Em ronco que aterra,


Berra o sapo-boi:
- "Meu pai foi à guerra!"
- "Não foi!" - "Foi!" - "Não foi!".

O sapo-tanoeiro,
Parnasiano aguado,
Diz: - "Meu cancioneiro
É bem martelado.

Vede como primo


Em comer os hiatos!
Que arte! E nunca rimo
Os termos cognatos.

O meu verso é bom


Frumento sem joio.
Faço rimas com
Consoantes de apoio.

Vai por cinquenta anos


Que lhes dei a norma:
Reduzi sem danos
A fôrmas a forma.

Clame a saparia
Em críticas céticas:
Não há mais poesia,
Mas há artes poéticas..."
Urra o sapo-boi:
- "Meu pai foi rei!"- "Foi!"
- "Não foi!" - "Foi!" - "Não foi!".

Brada em um assomo
O sapo-tanoeiro:
- A grande arte é como
Lavor de joalheiro.

Ou bem de estatuário.
Tudo quanto é belo,
Tudo quanto é vário,
Canta no martelo".

Outros, sapos-pipas
(Um mal em si cabe),
Falam pelas tripas,
- "Sei!" - "Não sabe!" - "Sabe!".

Longe dessa grita,


Lá onde mais densa
A noite infinita
Veste a sombra imensa;

Lá, fugido ao mundo,


Sem glória, sem fé,
No perau profundo
E solitário, é

Que soluças tu,


Transido de frio,
Sapo-cururu
Da beira do rio...

Tragédia brasileira
Manuel Bandeira

Misael, funcionário da Fazenda, com 63 anos de idade.


Conheceu Maria Elvira na Lapa — prostituída, com sífilis, dermite nos dedos, uma aliança empenhada e os dentes em
petição de miséria.
Misael tirou Maria Elvira da vida, instalou-a num sobrado no Estácio, pagou médico, dentista, manicura... Dava tudo
quanto ela queria.
Quando Maria Elvira se apanhou de boca bonita, arranjou logo um namorado.
Misael não queria escândalo. Podia dar uma surra, um tiro, uma facada.
Não fez nada disso: mudou de casa.

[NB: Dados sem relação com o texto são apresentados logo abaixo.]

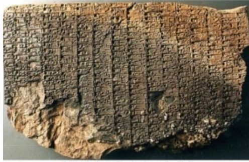
(شكل رقم ٥)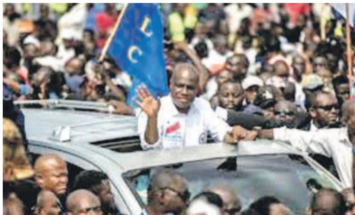
Martin Fayulu saluant la foule

Faisant le monitoring des violences survenues, le 11 décembre à Lubumbashi, dans le Haut-Katanga, relatives à l'attaque du cortège du candidat de Lamuka à la présidentielle, Martin Fayulu, l'Association congolaise pour l'accès à la justice (Acaj) donne le bilan provisoire de deux morts par balles réelles parmi les partisans de ce candidat. L'association de défense des droits de l'homme a indiqué également qu'un policier a été grièvement blessé et se trouve dans un état critique, quarante-trois civils sont blessés dont quinze par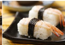
沙蝦握壽司 Shrimp Sushi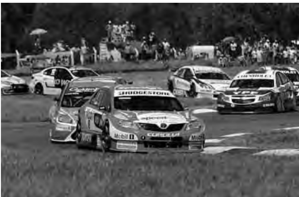
Las entradas cuestan $ 120 la general y $ 320 la preferencial de boxes. Hasta este viernes 31 se pueden comprar en las Cámaras de Comercio de Santa Rosa y General Pico, el sábado y domingo en las boleterías del autódromo.

Turismo Deportivo La Secretaría de Turismo viene trabajando activamente en la promoción de este segmento del "Turismo Deportivo", que se hace notar incorporando un gran movimiento turístico, gastronómico y hotelero, durante los días de la actividad propiamente dicha y también previamente. La ciudad como siempre, se prepara para recibir a los visitantes, con variados espectáculos, para todos los gustos, como se puede apreciar en nuestra sección específica.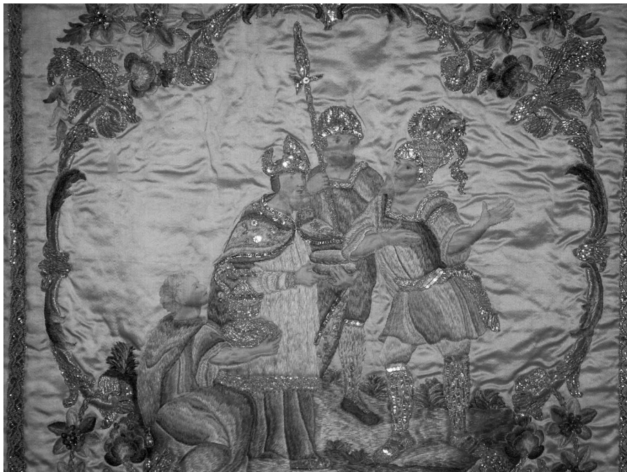
Figura 8: Terno conmemorativo del convento de San Joaquín y Santa Ana de Valladolid. Dalmática (detalle del faldón trasero). 1787.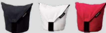
Objektivbeutel (Schwarz, Weiß, Rot) CL-N101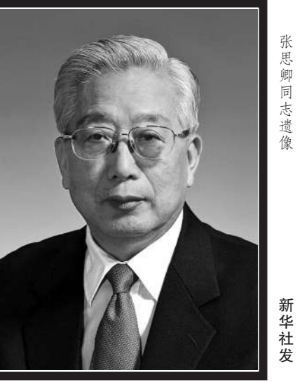
张思卿同志遗像

新华社北京6月17日电 中国共产党的优秀党员，久经考验的忠诚的共产主义战士，我国政法战线的杰出领导人，中国人民政治协商会议第九届、十届全国委员会副主席，最高人民检察院原检察长张思卿同志，因病于2022年6月17日1时52分在北京逝世，享年90岁。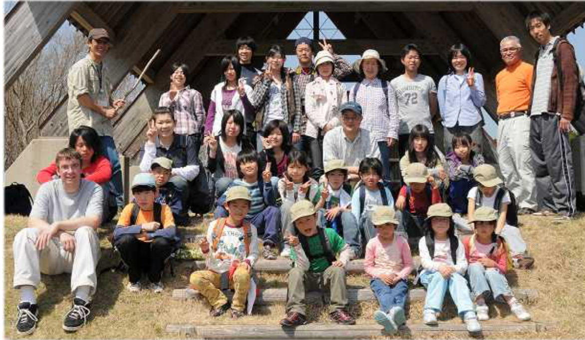
第 1 回 山 歩 き !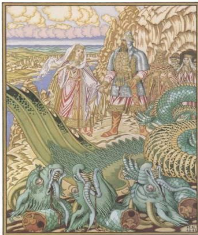
177 ДОБРЫНЯ НИКИТИЧ ОСВОБОЖДАЕТ ОТ ЗМЕЯ ГОРЫНЫЧА ЗАБАВУ ПУТЯТИСНУ. Иллюстрация к былинке. 1941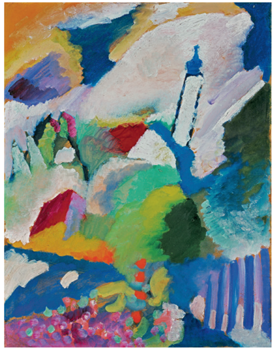
▲ Wassily Kandinsky MURNAU MIT KIRCHE I , Sommer 1910, Bildf.: 50 x 65 cm, Blattf.: 60 x 80 cm, 5-farbiger frequenzmodulierter Faksimile-Druck auf 270 g Rives-Bütten, Limitierte Auflage: 1.000 Ex., © VG Bild-Kunst, Bonn 2013, € 128,-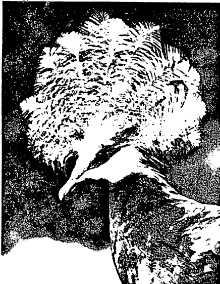
Περιστέρι με στέμμα.

τα. Έτσι, ο τάφος με δρόμο προς την κατωφέρεια του λόφου και τύμβο μέχρι το ύψος του άνωφλίου, είχε θόλο ελεύθερη να υψώνεται προς τον ουρανό και στρώμα πηλού που την προστάτευε μέχρι και το τέλος των Έλληνιστικών χρόνων.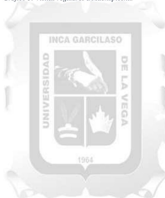
Gráfico 5: Visitas regulares a Machupicchu.

FUENTE: Ministerio de Cultura - Dirección Desconcentrada de Cultura - Cusco ELABORACIÓN: MINCETUR/MTD/CIETA-DIA/ITA Con información disponible a junio de 2022.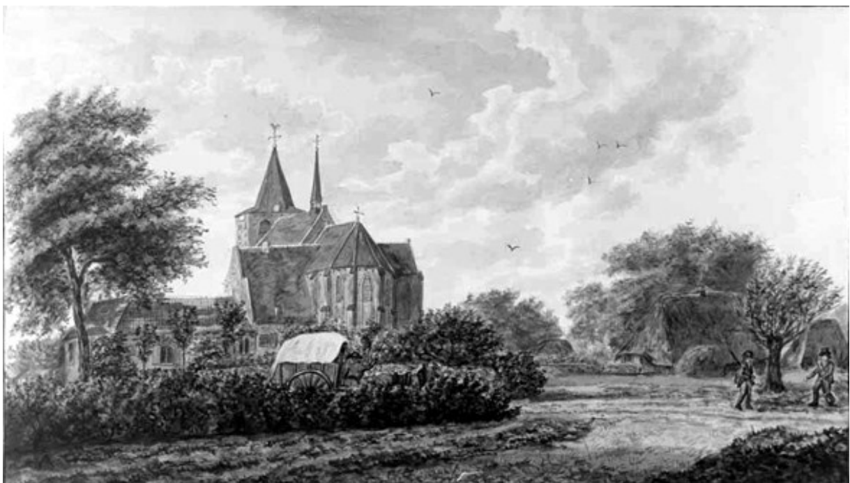
Een prachtige prent van het Rosmalense centrum in 1872 gemaakt door Joseph Knip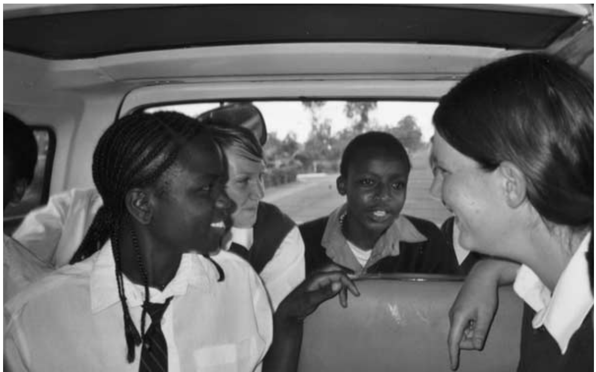
... gemeinsam beim Ausflug

Die Grundlage für die unterrichtliche Einbindung bildet zunächst der gesamte Themenfundus, der sich aus der Beschäftigung mit dem Zielland der Schul-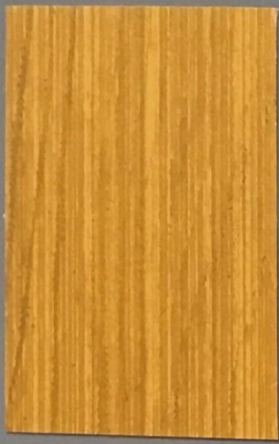
5070 Ruoko 2

Viveram três anos assim.
Toda vez que Maria Elvira arranjava namorado, Misael mudava de casa.
Os amantes moraram no Estácio, Rocha, Catete, Rua General Pedra, Olaria, Ramos, Bonsucesso, Vila Isabel, Rua Marquês
de Sapucaí, Niterói, Encantado, Rua Clapp, outra vez no Estácio, Todos os Santos, Catumbi, Lavradio, Boca do Mato,
Inválidos...
Por fim na Rua da Constituição, onde Misael, privado de sentidos e de inteligência, matou-a com seis tiros, e a polícia foi
encontrá-la caída em decúbito dorsal, vestida de organdi azul.